The stark differences in resistance rates between countries reflect regulatory approaches to food and agriculture. The Netherlands, with just 10.8 percent of patients carrying resistant bacteria, provides a working model of comprehensive control.

“What we can see is that the incidence of resistant bacteria depends on how developed the country is. The lowest incidence is in the Netherlands, that means they are the most developed in terms of hygiene, public health, poultry regulation and agriculture. They are very, very strict,” Dr Reddy observed.

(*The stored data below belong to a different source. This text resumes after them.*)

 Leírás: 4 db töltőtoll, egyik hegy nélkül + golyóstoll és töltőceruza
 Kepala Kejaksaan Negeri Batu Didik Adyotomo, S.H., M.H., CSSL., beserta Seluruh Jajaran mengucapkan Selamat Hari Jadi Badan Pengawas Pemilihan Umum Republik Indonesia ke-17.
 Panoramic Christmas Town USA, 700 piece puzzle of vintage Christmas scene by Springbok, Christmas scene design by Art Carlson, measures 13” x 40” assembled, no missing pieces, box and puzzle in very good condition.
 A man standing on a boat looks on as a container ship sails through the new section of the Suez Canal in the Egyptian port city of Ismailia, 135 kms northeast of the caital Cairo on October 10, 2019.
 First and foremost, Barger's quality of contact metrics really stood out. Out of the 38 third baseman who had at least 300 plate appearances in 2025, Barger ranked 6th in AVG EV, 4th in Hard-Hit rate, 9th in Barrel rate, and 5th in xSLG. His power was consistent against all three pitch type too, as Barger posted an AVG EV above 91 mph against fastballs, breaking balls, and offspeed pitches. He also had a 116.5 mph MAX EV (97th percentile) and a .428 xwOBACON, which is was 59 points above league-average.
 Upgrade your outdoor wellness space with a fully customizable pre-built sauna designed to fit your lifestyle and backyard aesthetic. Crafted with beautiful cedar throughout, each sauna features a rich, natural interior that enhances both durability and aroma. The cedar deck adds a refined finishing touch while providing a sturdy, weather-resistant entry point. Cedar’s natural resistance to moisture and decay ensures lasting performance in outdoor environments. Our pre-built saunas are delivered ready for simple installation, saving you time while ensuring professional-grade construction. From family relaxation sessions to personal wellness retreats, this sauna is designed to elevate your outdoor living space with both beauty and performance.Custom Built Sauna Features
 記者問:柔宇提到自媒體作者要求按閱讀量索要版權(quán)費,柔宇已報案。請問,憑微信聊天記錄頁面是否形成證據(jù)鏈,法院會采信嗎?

In the Netherlands, using antibiotics as growth promoters in livestock is banned. Applying antibiotics to crops is prohibited. Dairy operations face regular testing for antibiotic residues with heavy penalties for violations. Aquaculture operations cannot use antibiotics in water. These are not aspirational guidelines; they are enforced regulations with inspection systems and consequences.

“The second best is the United States because they also have strong regulations. Third comes Italy, because Italy has fewer regulations. And the worst is India, because we have the least regulations,” Dr Reddy said. The correlation is mathematically clear: more regulation equals less resistance.

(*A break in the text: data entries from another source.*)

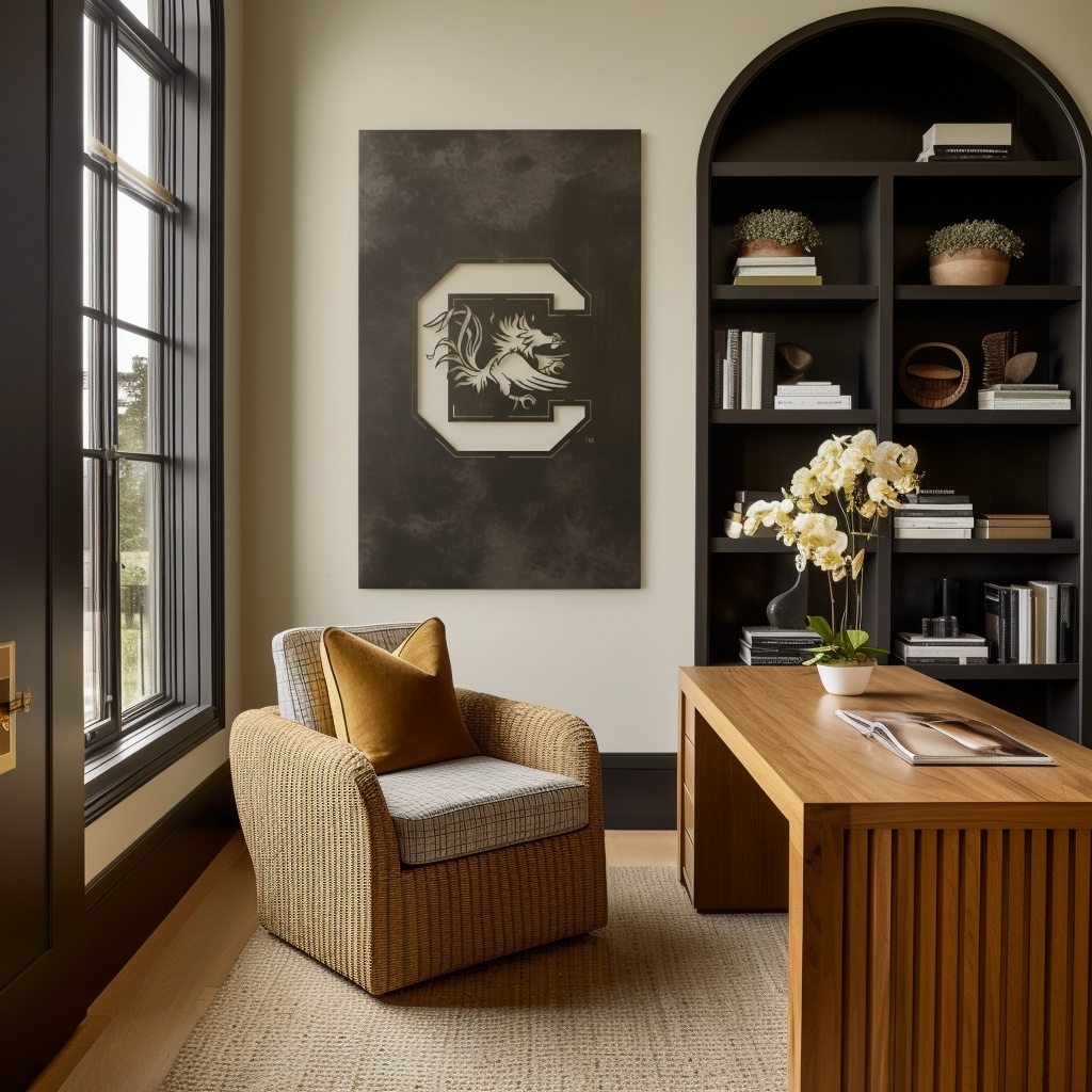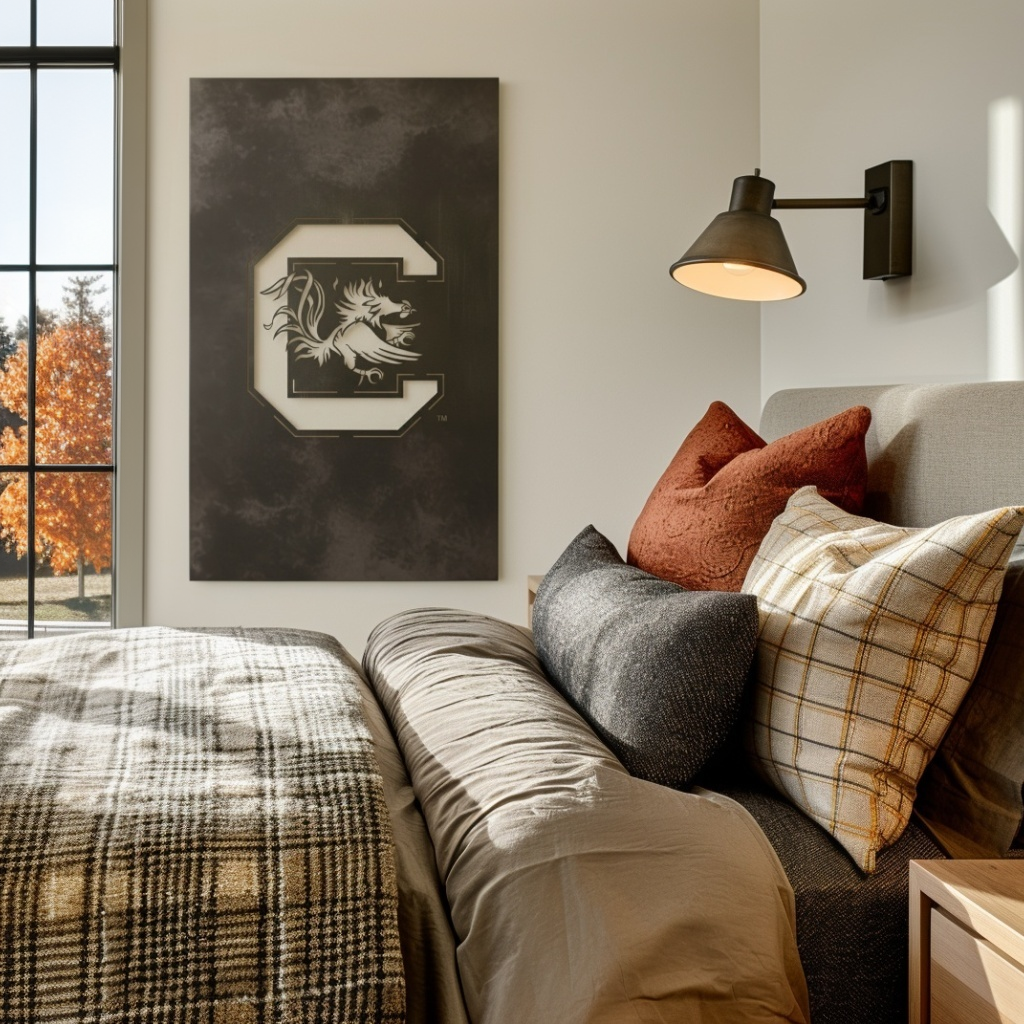The fierce Gamecock charges forward within the bold, angular “C” — a silhouette that roars with tradition and fight. This official mark of South Carolina athletics is transformed in raw steel, capturing the grit, pride, and legacy of Columbia’s finest. A striking tribute to loyal fans and lasting rivalries.
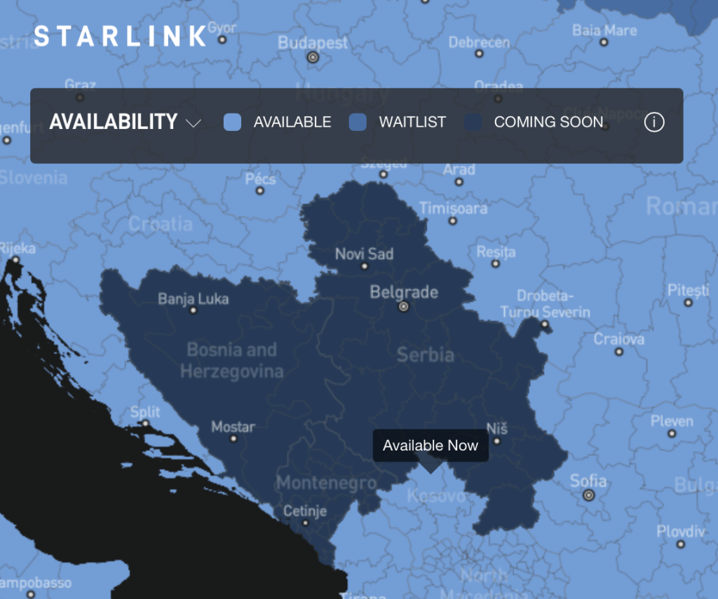 2a0d:3344:3840::/42,AL,AL-07,Kukes,Starlink announced the activation of its service in Kosovo on 21 December 2024. Despite the previous use of the Serbia-friendly “RS-KM” region code, Starlink’s Availability Map differentiates Kosovo (marked as “Available Now”) from Serbia (marked as “Starting in 2025”), as shown in Figure 4.
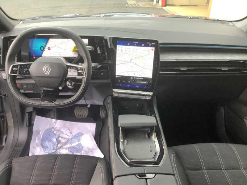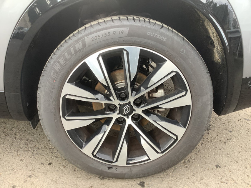 2 prises USB a l'AV et a l'AR / Aide au parking AV/AR et lateral / Airbags lateraux, milieu AV et rideaux / Alerte de distance de securite / Alerte detection de fatigue / Alerte franchissement de ligne et assistant maintien dans la voie / Banquette AR coulissante 1/3-2/3 avec accoudoir central / Boite de vitesse automatique 4 rapports / Carte Renault acces et demarrage mains libres / Ciel de toit gris anthracite / Commutation automatique des feux de route/croisement / Console centrale avec repose main coulissant / Detection intelligente des limitations de vitesse et prevention survitesse / Faux plancher de coffre / Feux AV full LED Adaptative Vision / Frein de parking electrique avec fonction Auto-Hold / Jantes alliage 19" Komah diamantees noir / Kit de gonflage / Lumiere d'ambiance personnalisable / Miroir de surveillance enfants / Multi-sense / My Safety switch / Navigation Google Maps / Retroviseur interieur electrochrome sans cadre / Sellerie mixte / tissu degrade de gris / textile enduit graine / Sieges avec systeme ISOFIX / Systeme Multimedia openR link 12" : navigation, services Google, audio Arkamys Auditorium / Tableau de bord full numerique 12,3''

Interestingly, Dr Reddy noted that even African countries show less resistance than India, not because of superior regulations but because antibiotics simply are not as available for misuse. “What is shocking is that even Africa has less resistance than us. The reason, of course, is that antibiotics are not easily available there, so they haven’t been misused as much.”

India occupies the worst position: high availability of antibiotics for use in food production, combined with minimal regulation and weak enforcement. The result is environmental saturation with antibiotics and resistant bacteria.